Дюк встал с кресла-качалки, подошел к стенному шкафу, порылся под коробкой с елочными игрушками и достал пушку. сорок пятого калибра.
– вот она. это и есть единственная справедливость в Америке. это единственное, что понятно любому.
он помахал треклятой штуковиной.
Лала играла с космонавтом. парашют раскрывался плохо. все было ясно: надувательство. очередное надувательство.
– слушай, – сказала Мэг, – убери эту дурацкую пушку. я устроюсь на работу. устроюсь, ладно?

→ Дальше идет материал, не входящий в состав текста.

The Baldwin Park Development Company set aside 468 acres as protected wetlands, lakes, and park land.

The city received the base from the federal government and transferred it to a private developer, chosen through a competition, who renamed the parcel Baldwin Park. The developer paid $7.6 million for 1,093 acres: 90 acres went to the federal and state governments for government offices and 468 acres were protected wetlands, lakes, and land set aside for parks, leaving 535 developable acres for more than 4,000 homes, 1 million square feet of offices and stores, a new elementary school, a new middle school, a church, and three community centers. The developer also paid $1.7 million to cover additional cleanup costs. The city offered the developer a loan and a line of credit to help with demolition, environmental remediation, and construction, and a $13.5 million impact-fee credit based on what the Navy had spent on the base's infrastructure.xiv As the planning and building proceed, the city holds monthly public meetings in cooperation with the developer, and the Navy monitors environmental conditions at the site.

– ТЫ устроишься на работу! который раз я уже это слышу? да ты только и умеешь, что ебаться почем зря да лежать на диване с журналами и набивать рот шоколадками.
– боже мой, вовсе не почем зря – я ЛЮБЛЮ тебя, Дюк, правда люблю.
он уже устал.
– ладно, отлично. тогда убери хотя бы продукты. и приготовь мне что-нибудь до ухода.
Дюк положил пушку обратно в шкаф. сел и закурил сигарету.
– Дюк, – спросила Лала, – как ты хочешь, чтобы я тебя называла, – Дюком или папой?
– как хочешь, любимая. как тебе больше нравится.
– а почему на кокосе волосы?
– о господи, откуда я знаю! а на яйцах у меня волосы почему?
пришла из кухни Мэг с банкой гороха.
– я не позволю тебе так разговаривать с моим ребенком.
– с твоим ребенком. да послушай, как она говорит! совсем как я. видишь эти глаза? чувствуешь эту душу? все как у меня. твой ребенок – только потому, что она вылезла из твоей щели и твою сиську сосала? она ничейный ребенок. разве что свой собственный.
– я требую, – сказала Мэг, – чтобы ты прекратил так разговаривать при ребенке!
– ты требуешь… требуешь…
– вот именно! – она поставила банку гороха на левую ладонь и медленно подняла. – требую.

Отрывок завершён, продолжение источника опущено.